Two evaluations were statistically analyzed: the capabilities of the instrument detection system and the reduction of CADe distracting activations. Per‐frame sensitivity and specificity, accuracy, and Receiver Operating Characteristic (ROC) were calculated for both evaluations. Sensitivity has been defined as the ratio between the number of frames with a visible instrument that were correctly detected (TP) and the total number of frames with a visible instrument (TP+FN). Specificity was defined as the ratio between the number of frames without a visible instrument that were correctly assessed (TN) and the sum of the total number of frames with a false detection and the TN frames (FP+TN). Accuracy was defined as the ratio between the number of correct system assessments (TP+TN) and the total number of frames. Metrics where weighted average to compensate for the imbalance of images with/out a visible instrument. For the calculation of the weighted average metrics the parameter “average” in every used function of the sklearn.metrics module from scikit‐learn 1.0.2 package was set to “weighted”. All calculations were performed using Python Software (version 3.6).

RESULTS

Characteristics of the patient cohort

The test dataset comprised 10 full‐length colonoscopy videos from 10 different patients. Men and women were equally represented, the mean age was 57.1 (interquartile range; 46–65) and the mean Boston Bowel Preparation Scale was 6.9 (range; 6–9) (Supplementary Table 1). The total duration of the withdrawal phase, with the duration of interventions included, was 1 h and 25 min, corresponding to 153,623 single video frames. During this time, instruments were visible for a total of 7 min and 12 s on the screen These 10 videos included a total of 12 different interventions, where 19 different endoscopic through the scope instruments were used: 4 cold snares, 11 graspers, 1 hot snare, 2 needles and 1 clip (Table 1).

TABLE 1

Characteristics and performance of the instrument detection system in the test dataset

	Intervention	Type of instrument	Number of visible instrument frames	Sensitivity (%)	Specificity (%)	Disturbing CADe activations (frames)	Disturbing CADe activations avoided (frames)	False‐avoided CADe activations (frames)	Total number of CADe activations
Video 1	Polypectomy	Snare	728	98.60	99.51	377	330	13	3352
	Polypectomy	Snare	1262
Video 2	Polypectomy	Grasper	142	99.77	99.76	6	6	0	396
Video 3	Polypectomy	Grasper	269	99.21	99.68	137	102	5	1252
Video 4	Polypectomy	Grasper	174	98.87	98.43	8	8	2	302
Video 5	Polypectomy	Needle	407	99.22	99.64	1232	1184	54	7834
		Snare	931
Video 6	Polypectomy	Grasper	1136	99.31	99.67	161	150	6	531
Video 7	Polypectomy	Snare	2760	98.01	98.35	741	736	50	1577
Video 8	Polypectomy	Needle	2493	96.90	96.58	1923	1906	204	7737
		Hot snare	1048
		Clip	292
Video 9	Polypectomy	Snare	255	99.33	99.62	101	84	21	1361
Video 10	Random biopsies	5x Grasper	751	98.14	98.98	153	122	2	1099
	Polypectomy	Grasper	871

Abbreviation: CADe, Computer‐aided detection system.

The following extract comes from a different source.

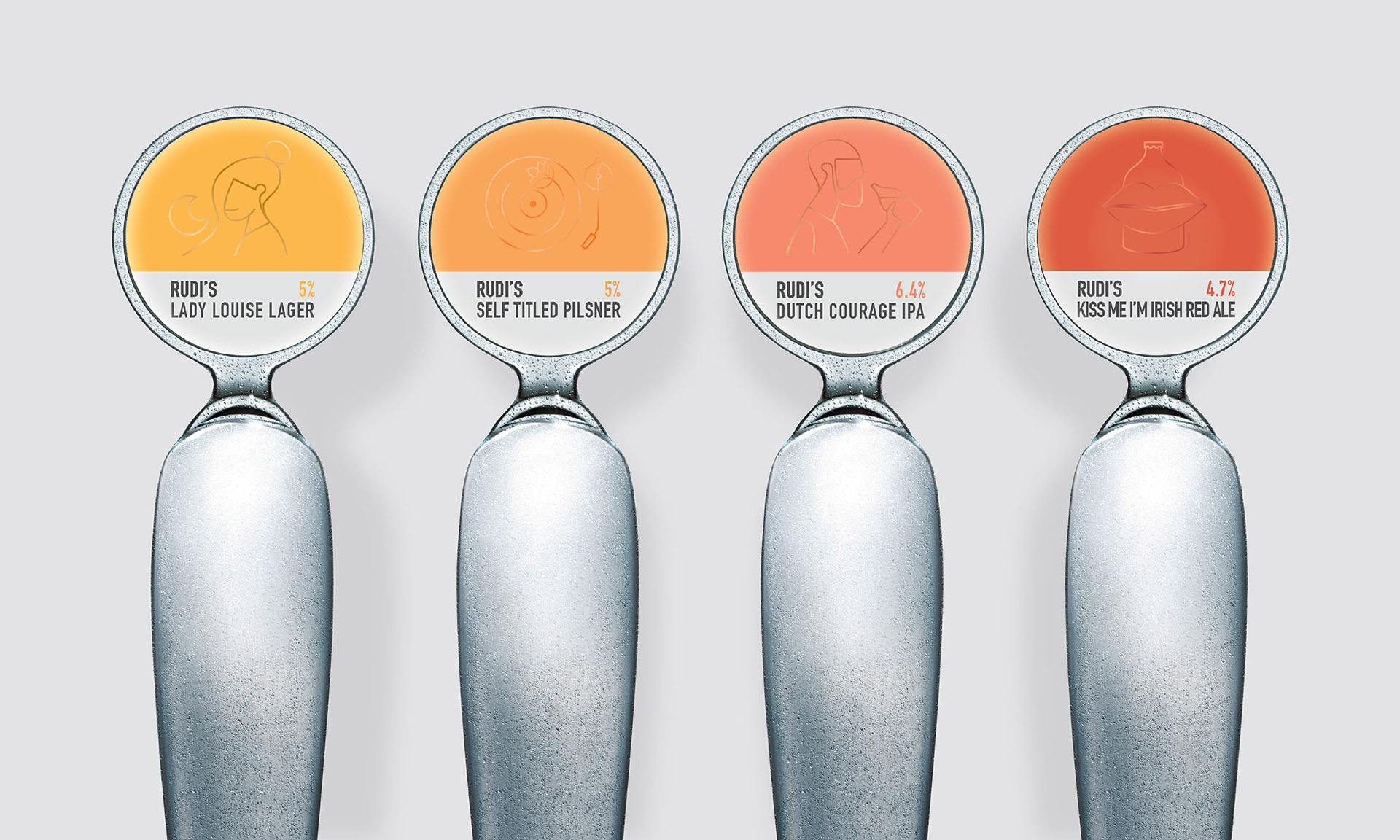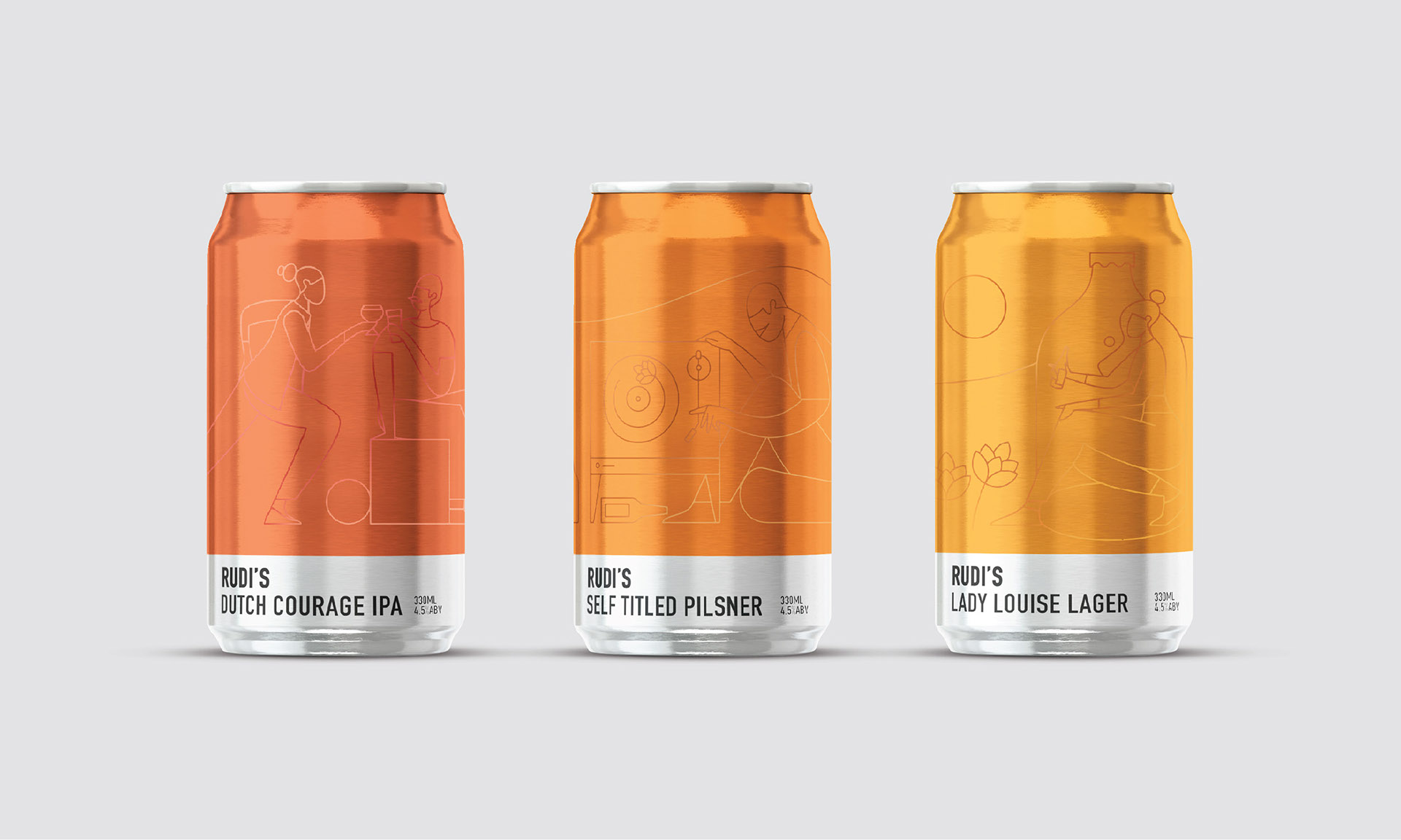 這是新西蘭的啤酒品牌Rudi's Beers包裝設(shè)計(jì)以紅、黃、橘三個(gè)暖色為主,傳達(dá)一種喝啤酒時(shí)的開(kāi)心歡樂(lè)的情緒,再搭配鋁罐的金屬質(zhì)地來(lái)呈現(xiàn)啤酒的濃郁醇厚,結(jié)合插畫(huà)的形式創(chuàng)造了一款獨(dú)特個(gè)性的包裝設(shè)計(jì),在競(jìng)爭(zhēng)激烈的精良啤酒市場(chǎng)中清晰的區(qū)分了他們的品牌。

Performance of the instrument detection system

The CNN overall accuracy achieved in the detection of visible instruments in the test dataset was 98.59%. Sensitivity and specificity were 98.55% and 98.92%, respectively. The grasper was the instrument that was best detected by the system, with a sensitivity of 99.08% and a specificity of 99.36%, whereas the snare, with a sensitivity of 98.21% and a specificity of 98.51%, was the most difficult instrument to detect, probably because often only the wire was visible. Representative images of a grasper, a snare and a false positive detection of the CNN with the corresponding heat map that depicts the image areas that are recognized as an instrument are presented in Figure 2. The ROC curve illustrating the diagnostic ability of our instrument detection system is depicted in Figure 3. No marked differences in performance were observed relating to BBPS value, that ranged from 6 to 9 (Supplementary Table 1).

FIGURE 2

Grasper (upper row), snare (middle row), and a false positive detection (lower row) of the instrument detecting CNN with the corresponding gradient‐weighted class activation mapping (Grad‐CAM). Grad‐CAM images on the right side visualize areas responsible for the CNN prediction as an instrument

FIGURE 3

Receiver Operating Characteristic Curve of the instrument detection CNN visualizes specificity. While adjusting classification thresholds, the TP rate reaches 96.58% while maintaining a FP rate of 1% resulting in an area under the curve of 0.9971. CNN, convolutional neuronal network; FP, false positive; TP, true positive

Reduction of CADe distracting activations

A total of 25,441 activations were triggered by the CADe system in the test dataset. These activations included detected polyps and false positive detections. 4839 activations (19.02%) occurred when an instrument was visible and were regarded as distracting CADe activations. Especially significant was the amount of distracting activation caused by snares or needles. Our system was able to avoid 4628 of these activations, representing a sensitivity value of 95.64%. Regarding the number of CADe activations that were falsely avoided, the value in frames amounts to 357. Out of those, 292 contained polyps that were previously detected. This implies that the system has a specificity of 98.62% in terms of performance in preventing distracting CADe activations. The overall accuracy was of 99.17%.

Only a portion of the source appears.